Adaptive Testing and Debugging of NLP Models
Marco Tulio Ribeiro | Scott Lundberg
Proceedings of the 60th Annual Meeting of the Association for Computational Linguistics (Volume 1: Long Papers)
Current approaches to testing and debugging NLP models rely on highly variable human creativity and extensive labor, or only work for a very restrictive class of bugs. We present AdaTest, a process which uses large scale language models (LMs) in partnership with human feedback to automatically write unit tests highlighting bugs in a target model. Such bugs are then addressed through an iterative text-fix-retest loop, inspired by traditional software development. In experiments with expert and non-expert users and commercial / research models for 8 different tasks, AdaTest makes users 5-10x more effective at finding bugs than current approaches, and helps users effectively fix bugs without adding new bugs.

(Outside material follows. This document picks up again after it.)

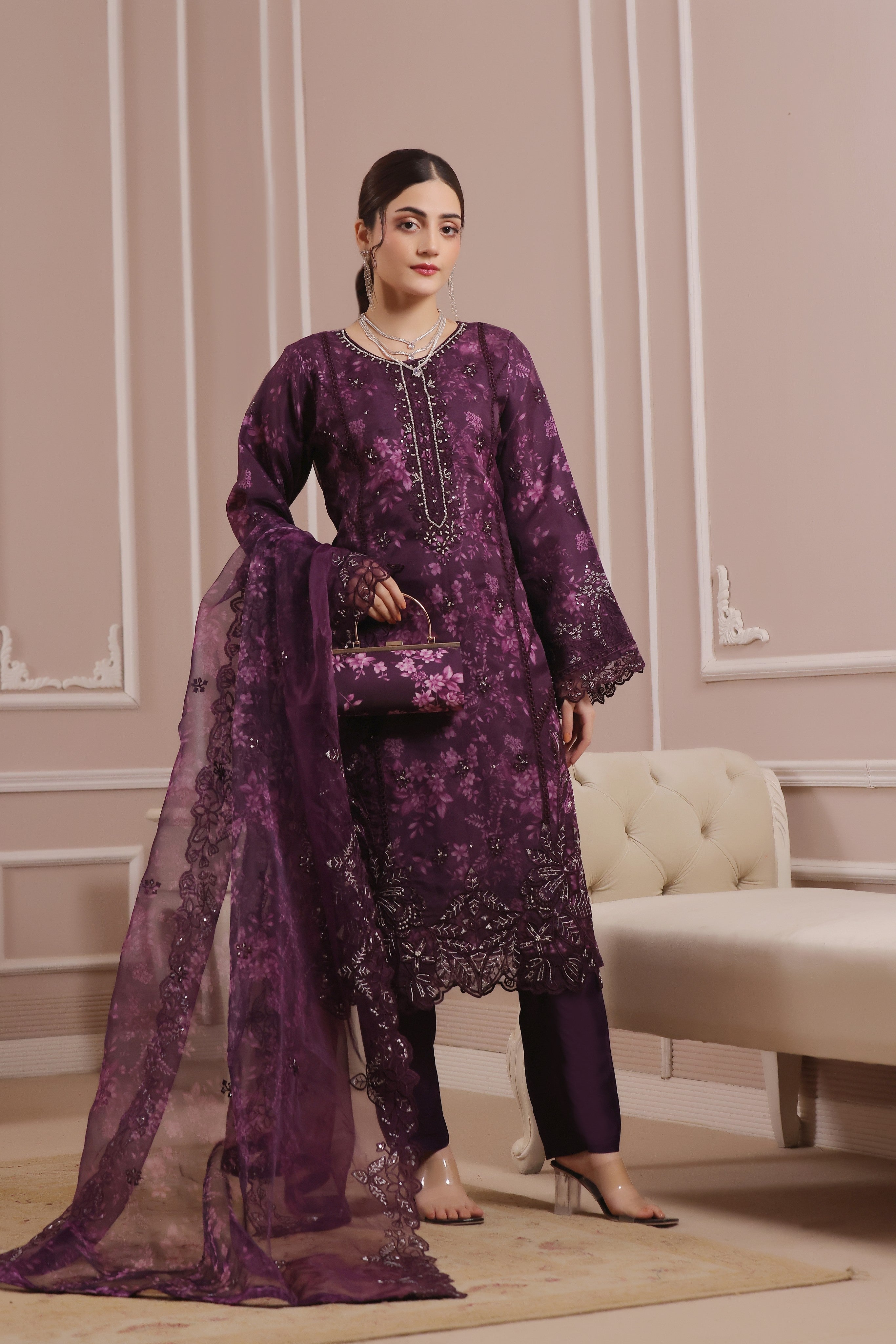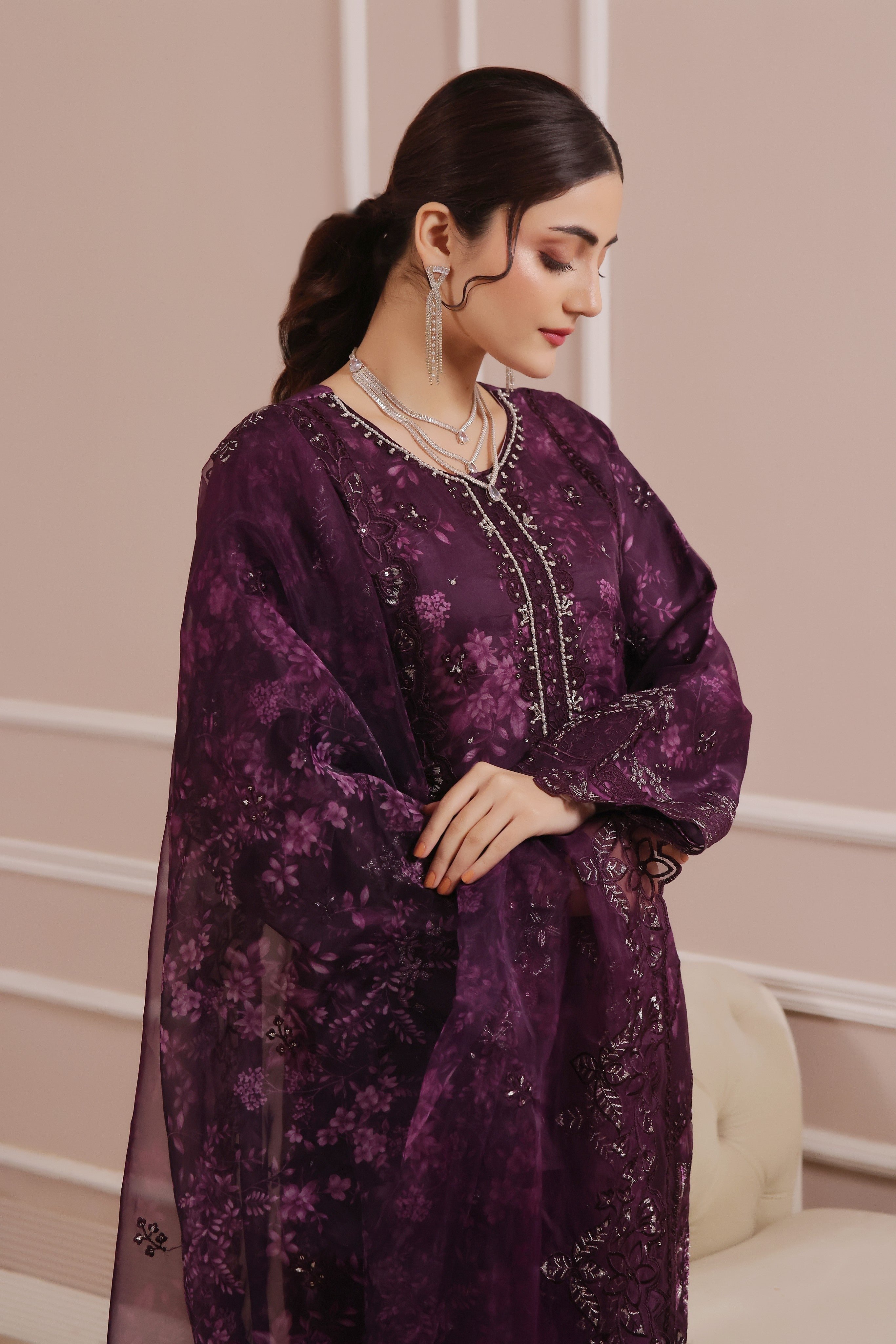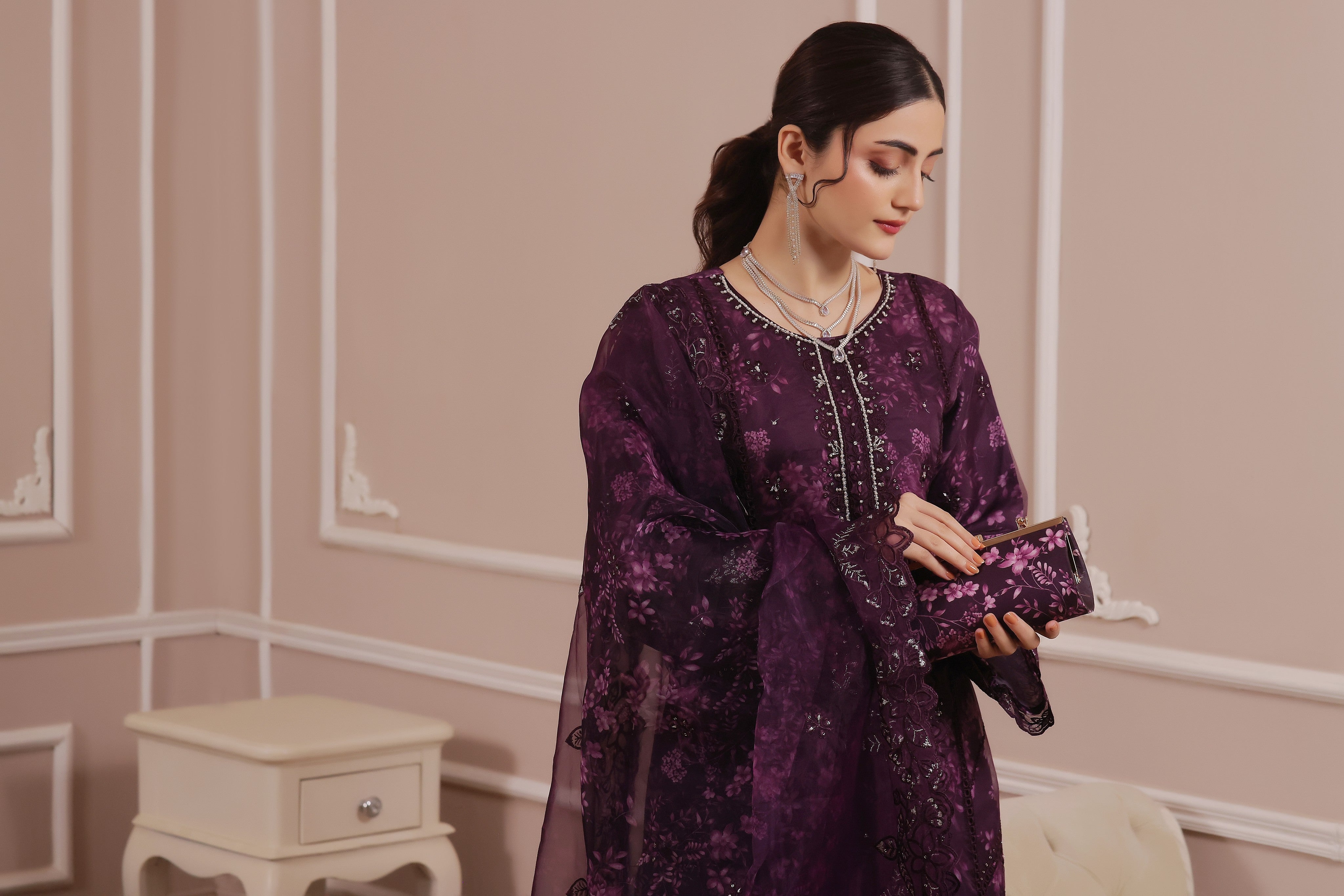 Elevate your festive wardrobe with SHARJEENA-D (Maroonish Magenta/Purple), the darker-hued extension of our iconic SHARJEENA Collection. Designed for women who embrace bold sophistication, this collection combines richly embroidered organza with statement embellishments, creating ensembles that captivate in every detail.

Fixing Model Bugs with Natural Language Patches
Shikhar Murty | Christopher Manning | Scott Lundberg | Marco Tulio Ribeiro
Proceedings of the 2022 Conference on Empirical Methods in Natural Language Processing
Current approaches for fixing systematic problems in NLP models (e.g., regex patches, finetuning on more data) are either brittle, or labor-intensive and liable to shortcuts. In contrast, humans often provide corrections to each other through natural language. Taking inspiration from this, we explore natural language patches—declarative statements that allow developers to provide corrective feedback at the right level of abstraction, either overriding the model (“if a review gives 2 stars, the sentiment is negative”) or providing additional information the model may lack (“if something is described as the bomb, then it is good”). We model the task of determining if a patch applies separately from the task of integrating patch information, and show that with a small amount of synthetic data, we can teach models to effectively use real patches on real data—1 to 7 patches improve accuracy by ~1–4 accuracy points on different slices of a sentiment analysis dataset, and F1 by 7 points on a relation extraction dataset. Finally, we show that finetuning on as many as 100 labeled examples may be needed to match the performance of a small set of language patches.